▶ _Exercise requirements_: The entries follow. Copy every line in which "Figure" appears.

*** Input data ***

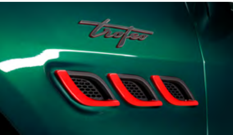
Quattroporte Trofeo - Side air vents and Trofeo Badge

*** End of Input data ***
*** Input data ***

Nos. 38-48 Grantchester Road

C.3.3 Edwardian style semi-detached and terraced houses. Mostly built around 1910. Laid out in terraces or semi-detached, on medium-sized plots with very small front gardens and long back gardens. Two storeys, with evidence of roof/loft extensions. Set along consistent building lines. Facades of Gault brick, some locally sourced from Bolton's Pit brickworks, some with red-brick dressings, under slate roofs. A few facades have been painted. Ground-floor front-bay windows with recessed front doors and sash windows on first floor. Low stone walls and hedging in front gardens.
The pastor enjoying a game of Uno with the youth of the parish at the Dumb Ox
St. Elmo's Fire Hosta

*** End of Input data ***
*** Input data ***

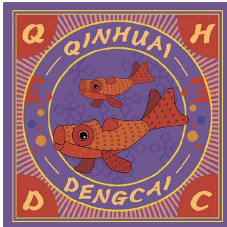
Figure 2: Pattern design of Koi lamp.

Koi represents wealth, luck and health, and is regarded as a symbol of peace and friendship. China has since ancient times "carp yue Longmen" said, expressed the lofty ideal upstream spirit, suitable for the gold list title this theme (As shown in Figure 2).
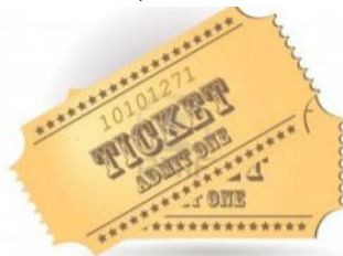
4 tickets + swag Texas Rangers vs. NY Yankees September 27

*** End of Input data ***

▶ _Answer to this task_:
Figure 2: Pattern design of Koi lamp.
Koi represents wealth, luck and health, and is regarded as a symbol of peace and friendship. China has since ancient times "carp yue Longmen" said, expressed the lofty ideal upstream spirit, suitable for the gold list title this theme (As shown in Figure 2).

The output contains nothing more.